Tensor reshape error when evaluating a Detectnet_v2 model

Thanks so much for your continuing help with this, Morganh.

Using the script I attached above I validated my training dataset that I assumed to have all images with 1024x768 resolution (the testing dataset already validated well showing all images at 1024x768 resolution). Surprisingly it turned out that there were multiple images in the training dataset that were not at 1024x768 resolution. For example:

Images found in /home/james/nvidia/tlt/experiments/tfrecords/training/trainval-fold-001-of-002-shard-00001-of-00010 with unexpected dimensions:
Image ID: image_2/016ae9bb1b4cc4be
    Width: 1024
    Height: 758
Image ID: image_2/45b2d5d14b97d6f5
    Width: 1024
    Height: 683
Image ID: image_2/00000901
    Width: 375
    Height: 281
Image ID: image_2/armas_1147
    Width: 620
    Height: 350
Image ID: image_2/armas_1671
    Width: 500
    Height: 375
Image ID: image_2/armas_2876
    Width: 400
    Height: 282
Image ID: image_2/armas_2169
    Width: 160
    Height: 120
 ...

So it looks like at some point I managed to use unresized images and corresponding KITTI files to create my TFRecords for input. This escaped my attention I guess because my understanding was that the model won’t train with 1) non-uniform inputs 2) not at a resolution with both width and height being multiples of 16.

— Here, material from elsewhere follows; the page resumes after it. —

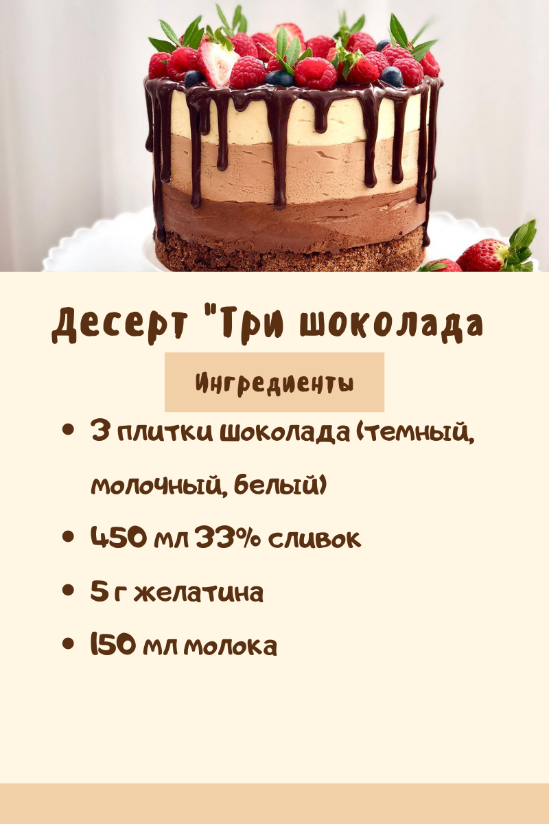 Здравствуйте,дорогие читатели моего канала. Сегодня хотела бы поделиться с вами рецептом известного всем десерты "Три шоколада". Наверняка каждый из вас хоть раз пробовал этот вкуснейший торт,но я решила сделать этот "торт" порционным. Рецептов на просторах интернета много, хочу поделиться одним из них. А в конце напишу ошибки,которые не следует допускать при его приготовлении. Приступим Сразу предупрежу,что данных ингредиентов хватает на 5 стаканчиков. Сливки по возможности берите Петмол,я взяла Брянские,потому что других не было в магазине. Итак,для начала взбиваем сливки до стоячих пиков. Не забывайте,что сливки должны быть холодными Убираем миску со сливками в сторону и приступаем к шоколаду. Конечно,можно было бы растопить его на водяной бане, но мне захотелось его попробовать растопить с помощью горячего молока. Подогреваем молоко и кладем в него шоколад,все перемешиваем И получаем однородную массу Сразу же готовим желатин.Заливаем его горячей водой и размешиваем Соединяем ингред

I have regenerated the training dataset using images and KITTI files correctly sized to 1024x768. After training the model using this dataset I can now evaluate the model using tlt-evaluate and the reshape issue I was seeing has disappeared.

Can anyone comment as to why the model seems to have initially trained OK with input images at a resolution other than what is specified in the documentation:


DetectNet_v2

Input size: C * W * H (where C = 1 or 3, W > =480, H >=272 and W,H are mutliples 16)
Image format: JPG, JPEG, PNG
Label format: KITTI detection

Note: The tlt-train tool does not support training on images of multiple resolutions, or resizing images during training. All of the images must be resized offline to the final training size and the corresponding bounding boxes must be scaled accordingly.

In any event, this issue is resolved, it’s just not clear yet as to why it happened in the first place if the non-uniform/non-compliant sizing of the input images was in fact the root cause of the error.